In general, VVTs are hydraulic systems. Hydraulic VVTs, however, have limitations, which include the change in response and performance characteristics due to changes in operating conditions such as temperature and oil viscosity. This led to the study of other types of VVT systems, such as electro-pneumatic, electro-magnetic, cam-less, and electric planetary systems. Comparing electric motor-driven VVT systems to hydraulic VVT systems has led to concur that electrical VVT systems are independent of engine oil pressure, hence offering better operational performance and emissions.

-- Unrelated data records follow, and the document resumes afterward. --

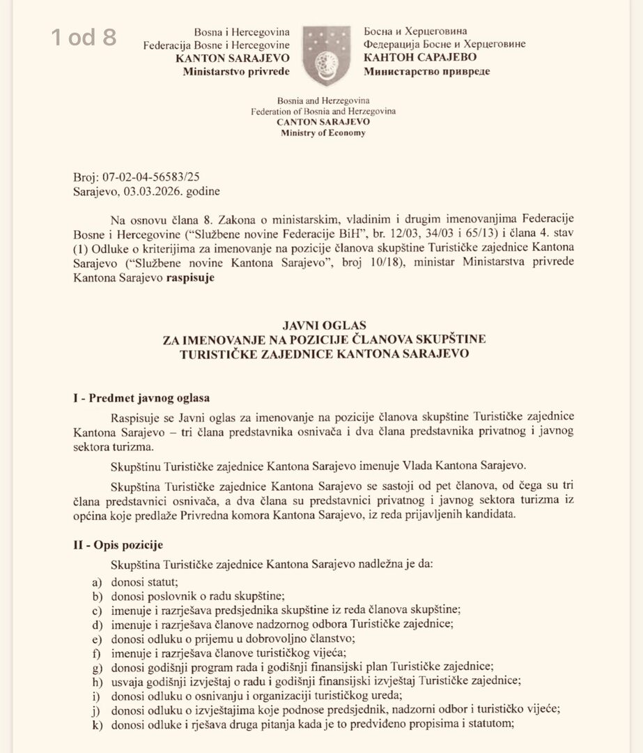 Za pojašnjenje smo se obratili Ministarstvu privrede KS iz kojeg su naveli da je “Javni oglas za imenovanje na pozicije članova Skupštine Turističke zajednice Kantona Sarajevo broj: 07-02-04-48601/25 od 27.10.2025. godine poništen jer nije dostavljen dovoljan broj potpunih i urednih prijava”.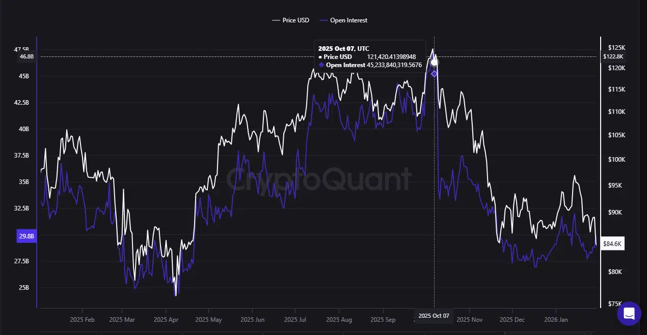 Bitcoin Open Interest (OI), primarily tied to futures markets and representing the total dollar value of open contracts, peaked at approximately $47.5 billion on October 7, 2025, the same day Bitcoin marked its most recent ATH.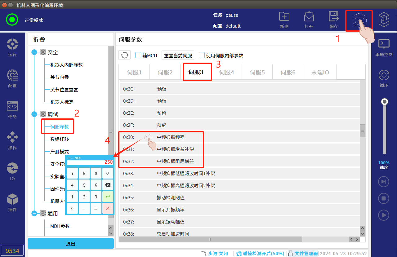 6.開始采集波形時,機器人會進入產測模式,調整參數完成后需要手動退出產測模式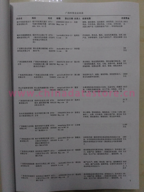 廣西外貿(mào)企業(yè)黃頁包括:外貿(mào)企業(yè)名稱、地址、電話、傳真、郵箱、經(jīng)營(yíng)范圍、注冊(cè)資金等信息。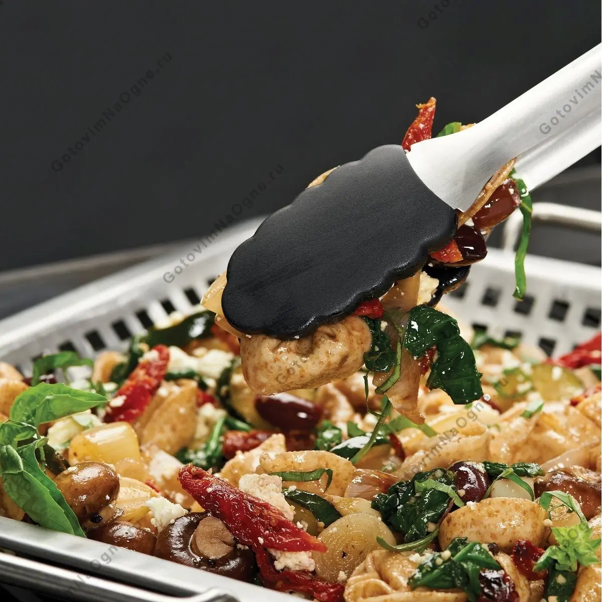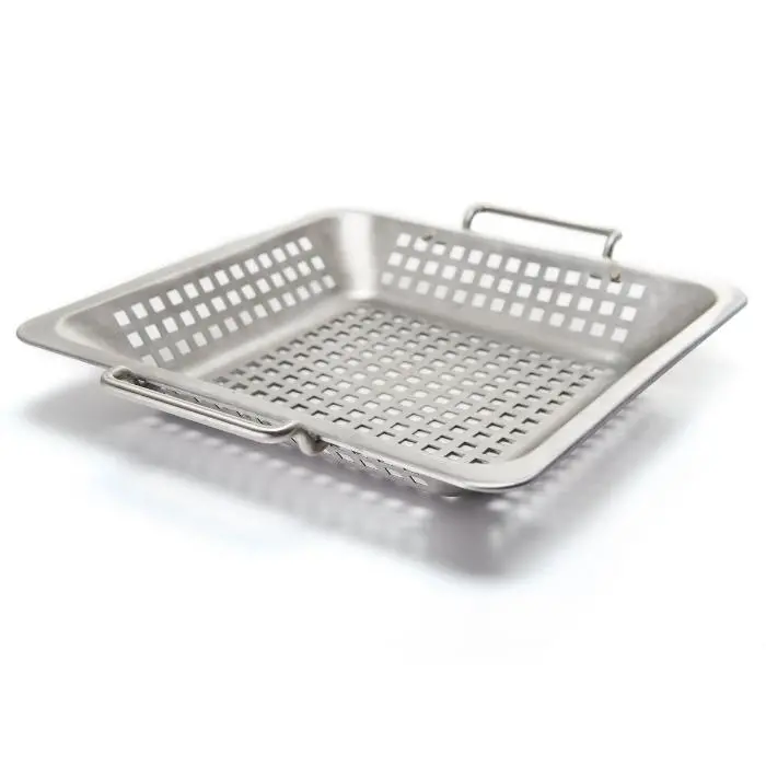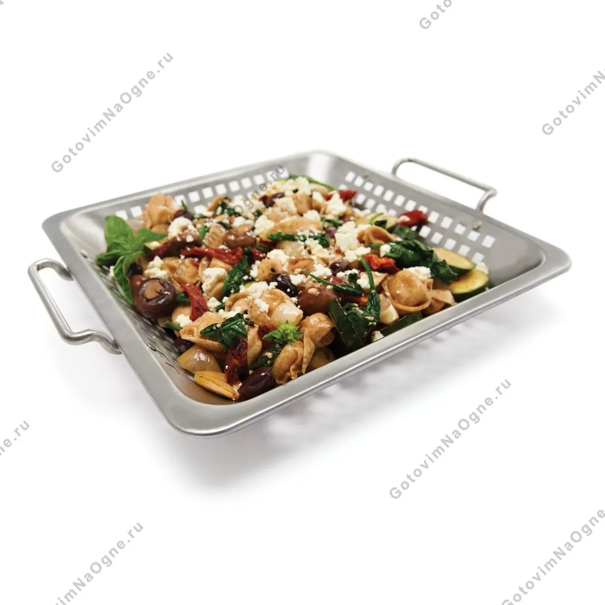 Вок для гриля из нержавеющей стали с отверстиями и ручками из нержавеющей стали. Улучшенный дизайн повышает функциональность и прочность вока, а также облегчает процесс его чистки.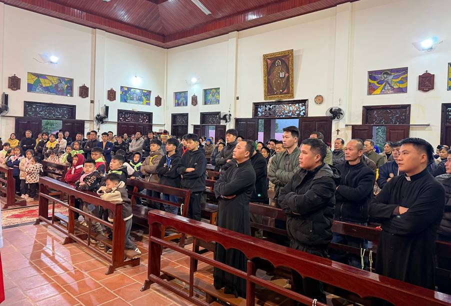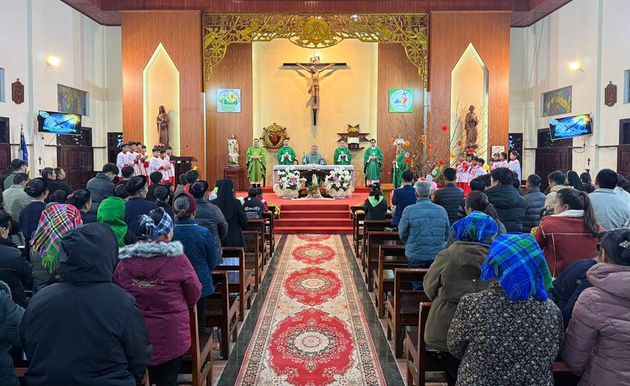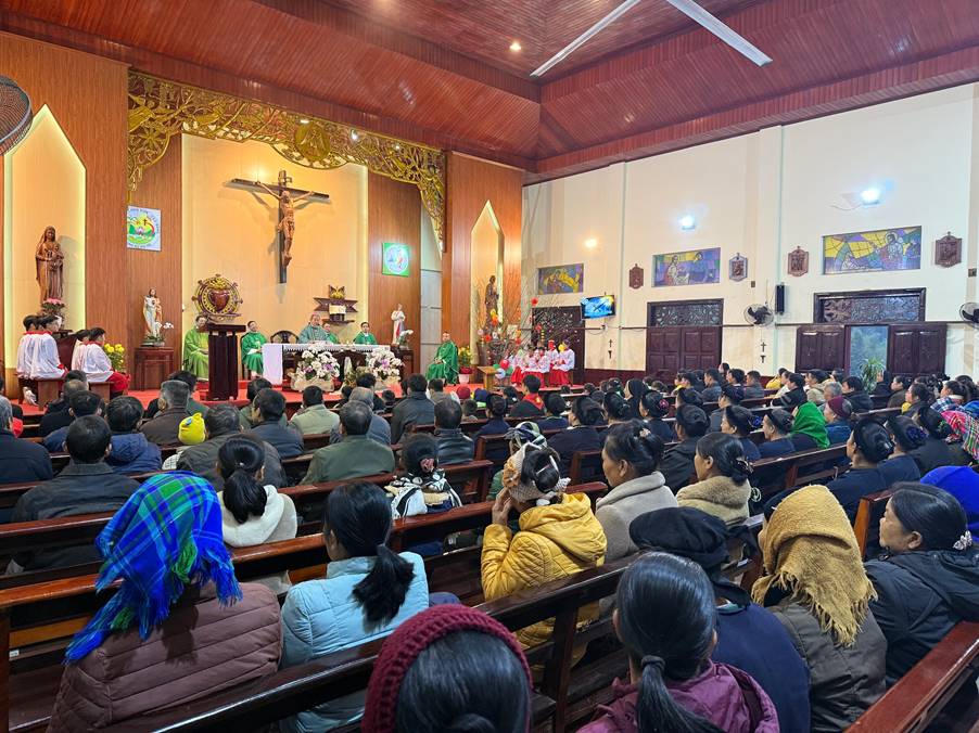Thánh lễ được cử hành trọng thể vào lúc 17g00 tại ngôi thánh đường giáo xứ. Đồng tế với Đức cha Giuse có cha xứ Bó Tờ Giuse Nguyễn Văn Vinh, quý cha đến từ giáo xứ Tà Lùng và Tòa Giám mục Lạng Sơn. Bầu khí phụng vụ diễn ra sốt sắng, trang nghiêm nơi ngôi thánh đường nhỏ bé nhưng ấm áp, quy tụ cộng đoàn dân Chúa trong tâm tình tạ ơn và hiệp thông.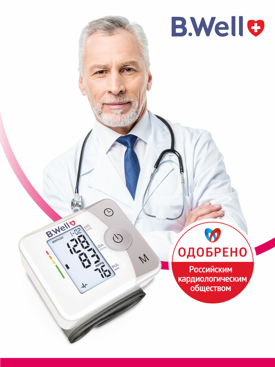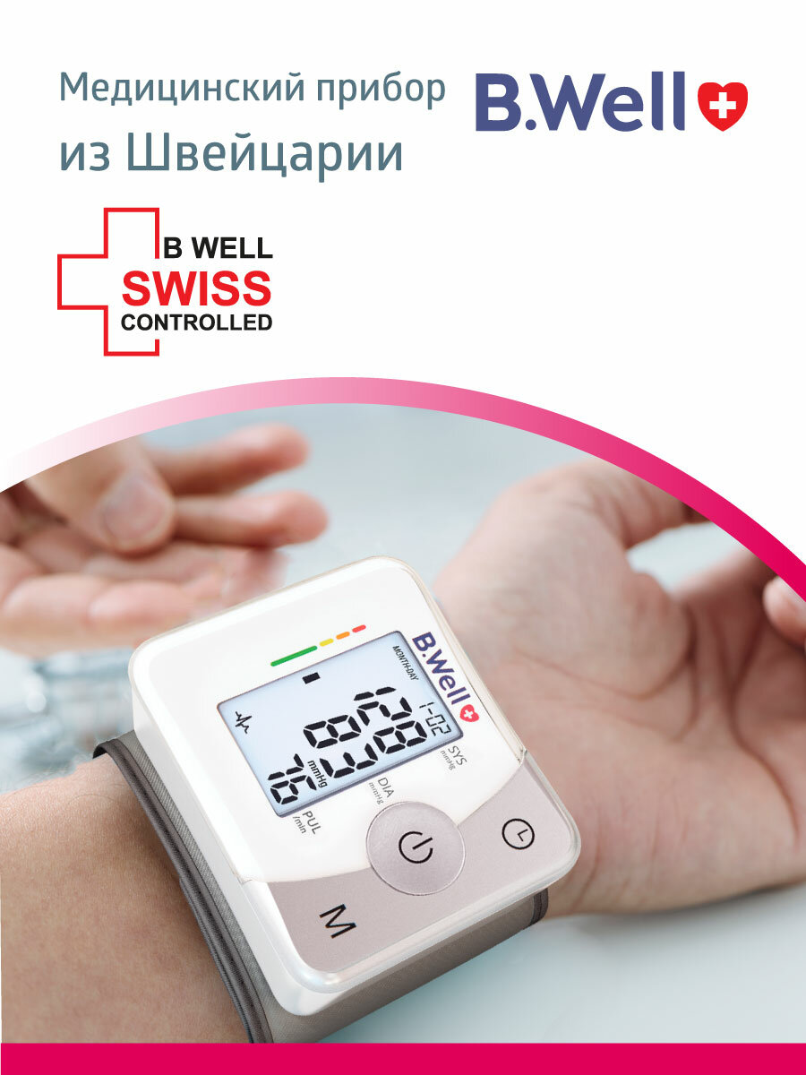Тонометр B.Well MED-57 запястный, подсветка дисплея, бережное измерение Intellect Active, память на 30 измерений, дата и время интересное: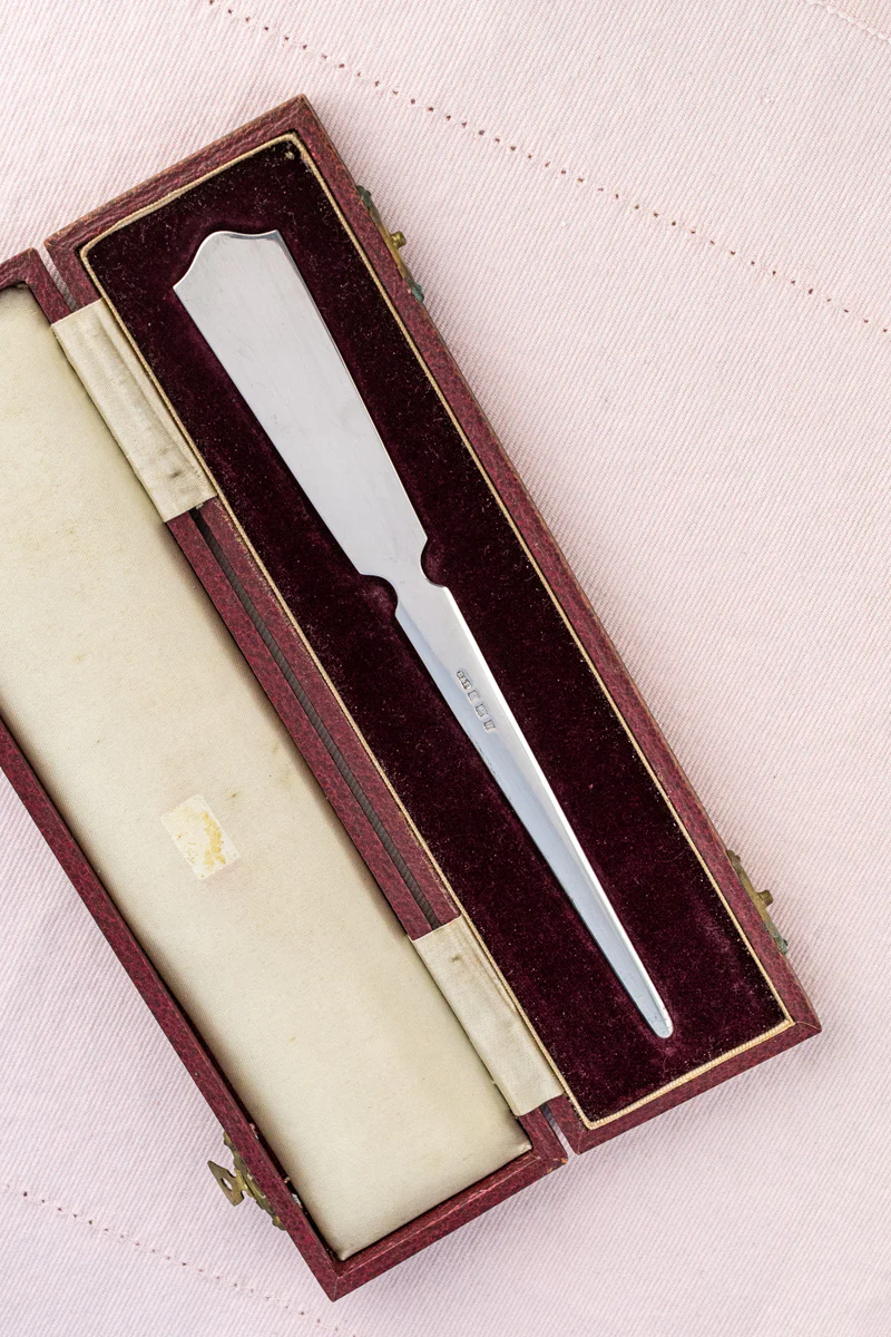 A most elegant way to open the day's mail, this Vintage English Sterling Silver Letter Opener was spied in the north of England still nestled within its original presentation box. With a pleasing weight and striking silhouette, it promises to make a glamorous addition to any surface, whether antique desk, family command center or that tiny table alongside your favorite reading chair.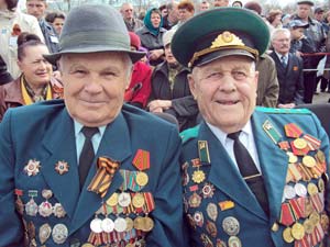 Сегодня особенно строго сдержанны солдаты Отчизны своей, воины 3-го Белорусского фронта Сергей Михайлович Киберев, Иван Иосифович Украинский. Им уже за 80 лет. Но, ветераны стараются не стареть душой. Их тоже украшают правительственные награды.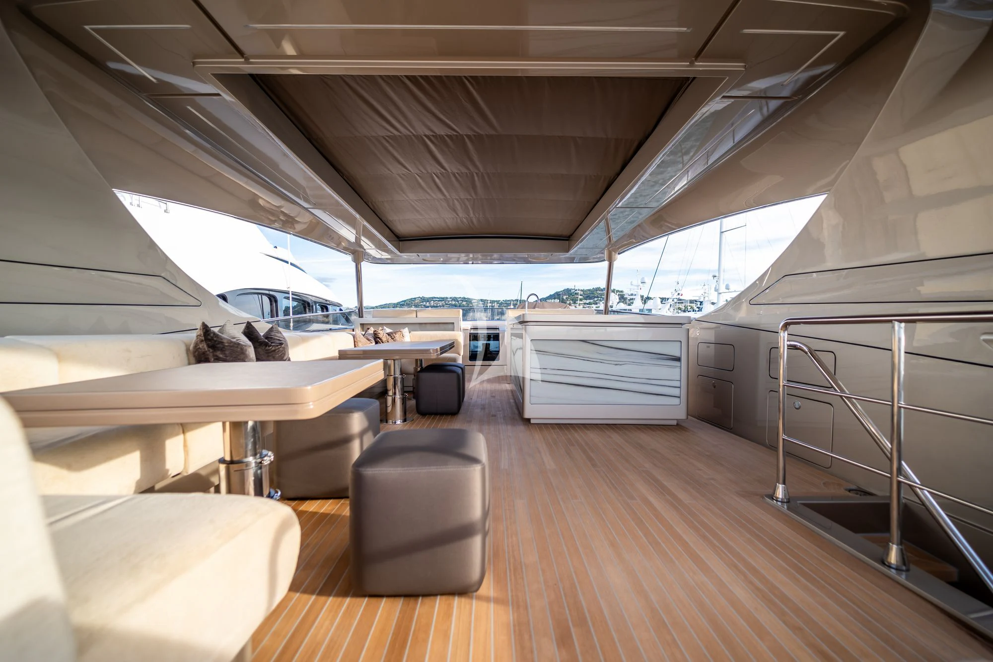THE PALM exudes magnificence from every angle. Its exterior design, characterized by sleek lines and stylish contours, ensures it stands out in any marina or anchorage. The flybridge subcategory further enhances its allure with elevated views and additional outdoor living spaces for guests' enjoyment. The hull made from Glass Reinforced Plastic (GRP) not only provides durability but also adds to its aesthetic appeal with a glossy finish that sparkles under the sun.

As far as closed-loop control design for the VVT systems is concerned, a linear controller using loop-shaping has been investigated by Paden et al. [1]. Similarly, in [2], a feedforward/feedback controller was studied for an HCCI combustion engine. Moreover, multi-parametric model predictive control has widely been used for the design of VVT systems [3,4]. Finally, in [5,6], an ${\ell }_2 {\ell }_{\infty }$, and $H_{\infty }$controller was investigated in the context of VVT control. GA optimization, however, has not been used for the control design of electric planetary VVT, but it is an effective approach due to its ability to search through large design spaces and determine optimal solutions. Therefore, in this study, a GA-based VVT controller is investigated. In correspondence, a root locus-tuned PD controller is also developed and performance is compared between these two controllers.

2. Linear Model Development

The simplified linear VVT model is explained in [5,6]. In this study, however, certain assumptions are made; for example, the dynamics of the ring gear are ignored because of the high inertia of the engine flywheel and crankshaft; the camshaft load which is the disturbance parameter in the control system is also ignored for model simplification.

2.1. Motor Dynamics

The relationship between the voltage drop across the armature circuit and the torque produced by the motor is represented by $G_e\left(s\right)$ in Equation (1). Armature resistance, inductance, motor torque constant, and back emf of the motor are represented by $L_m$, $R_m$, $K_{\tau }$ and $K_m,$ respectively.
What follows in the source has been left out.